TASK INSTRUCTIONS:
Across the records below, how many lines include the string "ukáзка"? Respond with the number only.

»»

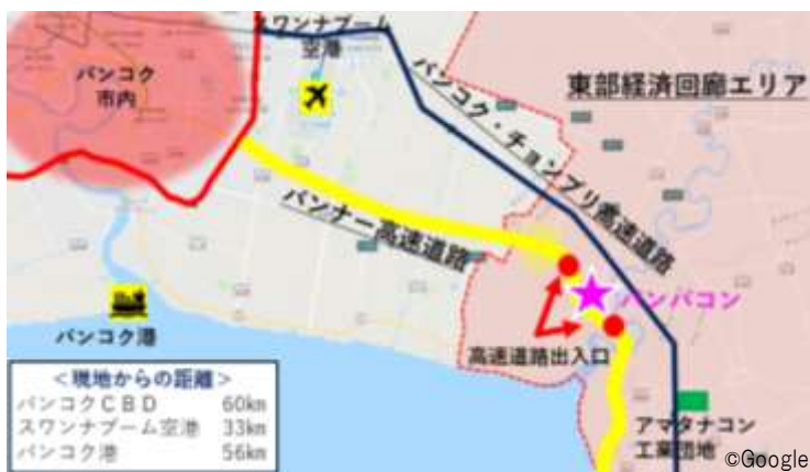
バンパコン位置図
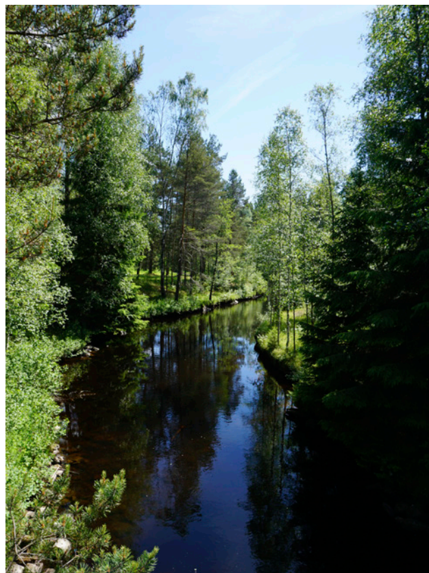
Garhytteån genom Rydbergsdal

Inom planområdet har åtta helhetsområden identifierats. Dessa är Prästön, Orrbacksmossen, Funkhagen, Garhytteån, Ljusnarsbergs gruvfält, Laxtjärn, Finnkullberget och Kaveltorps gruvfält. För respektive område redovisas förslag på hur områdena strategiskt kan användas, skötas samt utvecklas i framtiden.
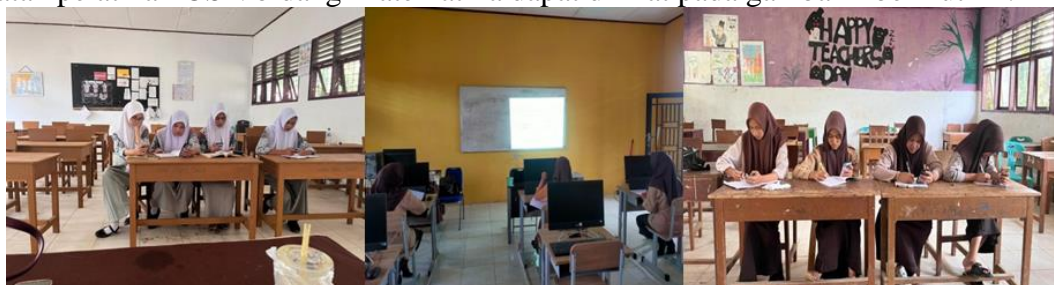
Gambar 2. Kegiatan pelatihan OSN bidang Matematika.

Berdasarkan gambar di atas, dapat dilihat bahwa persentase penguasaan indikator kemampuan pemecahan masalah adalah indikator 1 yaitu memahami masalah dan indikator dengan persentase terendah adalah indikator 4 yaitu memeriksa kembali. Menurut analisis lembar jawaban siswa ditemukan bahwa indikator memeriksa kembali merupakan indikator dengan persentase terendah. Menurut Irna, dkk (2025) hal ini diakibatkan oleh siswa kurang memperhatikan indikator ini, siswa sering sekali tidak menuliskan kesimpulan dari penyelesaian soal dalam lembar jawaban yang merupakan indikator memeriksa kembali. Secara keseluruhan, kemampuan pemecahan masalah siswa ekstrakurikuler OSN bidang matematika berada pada kategori sangat baik. Hal ini juga dipengaruhi oleh motivasi dari pelatih dan guru pembimbing siswa tersebut. Para siswa dilatih baik melalui daring maupun tatap muka. Pelatih dan pembimbing memberikan ruang yang penuh bagi para siswa kapan saja mereka ingin berdiskusi baik melalui grup whatsapp, zoom meeting, maupun di ruang kelas. Antusias para peserta dibuktikan juga dengan keberhasilan para siswa SMA Negeri 1 Sosa sebagai pemenang pada kompetisi OSN tingkat kabupaten pada 3 tahun terakhir ini. Sehingga para siswa tersebut telah mewakili kabupaten pada tingkat Propinsi. Adapun kegiatan pelatihan OSN bidang Matematika dapat dilihat pada gambar 2 berikut ini:
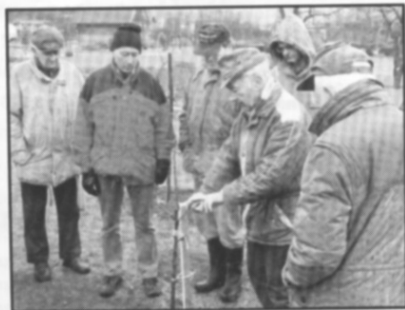
□ Praktická ukáзка zimního řezu na kolonii Bělá 1

Praktická ukáзка zimního řezu ovocných stromků, která se konala v sobotu 17. března na zahrádkářské kolonii Bělá 1, byla další akcí určenou nejen pro členy naší ZO, ale také pro veřejnost. Celková účast i přes déšť a chladné počasí byla překvapivě dobrá. Na ukázkou přijeli i zahrádkáři z Rychnova n.Kn., Týniště n.O. a Kostelce n.O. Přítomným byl po úvodním slově ukázan výchovný řez ovocného stromku prvním rokem po výsadbě, dále udržovací řez na stromech v plné plodnosti a řez na stromech s velkými přírůstky dřevní hmoty. Pro nepřízeň počasí byla ukáзка zmlazovacího řezu nahrazena besedou o nových odrůdách a jejich výhodách.

««

TASK RESULT:
2